Lent Day 35 - The Lesson of Lough Derg


I don't know any other place on earth that better exemplifies purgative suffering than Lough Derg. Otherwise known as St. Patrick's Purgatory, this Irish island was purportedly visited by St. Patrick in the 5th century. The saint came in order to spend a penitential retreat of forty days and forty nights. And from the Middle Ages to the present day, pilgrims have journeyed there, in imitation of Patrick, to do penance and to pray.

When the retreatants arrive, they are instructed immediately to take off their shoes and socks, and they endure the three day process barefoot, regardless of the weather. That first day, they fast (eating nothing but dry bread and a soup composed of hot water and pepper), and they move through a series of prayers and spiritual exercises.
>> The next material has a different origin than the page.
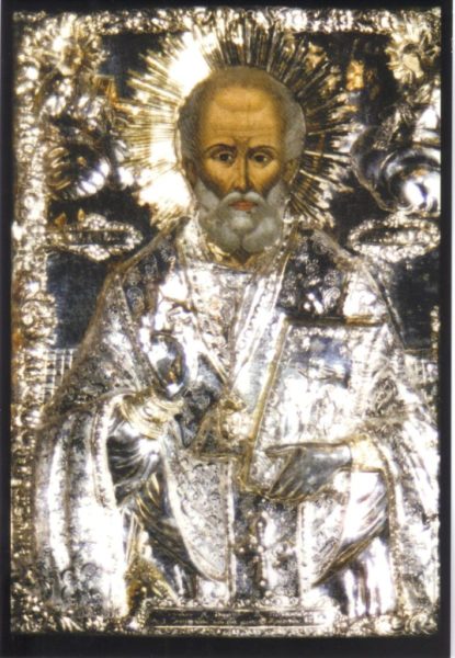 Η εφέστιος αργυροεπένδυτη εικόνα του Αγίου Νικολάου στον ομώνυμο Ιερό Ναό Όρμου Καρλοβάσου Σάμου

The first night, they are compelled to stay awake, fasting from sleep. If someone dozes off, his fellow pilgrims are expected to wake him up. The following day, they continue with their fast and their exercises, but they are allowed to sleep that night. The third day involves still more prayer and culminates with confession and Mass. After the liturgy, the pilgrims put their shoes back on and are ferried across to the mainland.

Those who come to Lough Derg take their spiritual lives with utter seriousness, and that is precisely why they are willing to endure hardship-even imposing it on themselves-in order to deepen their communion with God. They know that there are certain tendencies within their bodies and souls that are preventing the achievement of full friendship with God and therefore they seek, quite sensibly, to discipline themselves. John Henry Newman commented that the ascetical principle is basic to a healthy Christianity. He meant that Christians, at their best, understand that our sinful nature has to be chastised, disciplined, and rightly ordered. When the ascetical instinct disappears (as it has in much of Western Christianity), the spiritual life rapidly becomes superficial and attenuated, devolving into an easy "I'm okay and you're okay" attitude.

The whole point of the Christian life is to find joy, but the attainment of true joy comes, in a sinful world, at the cost of some suffering. That's why I, for one, am glad that a place like Lough Derg exists.  



"The whole point of the Christian life is to find joy, but the attainment of true joy comes, in a sinful world, at the cost of some suffering."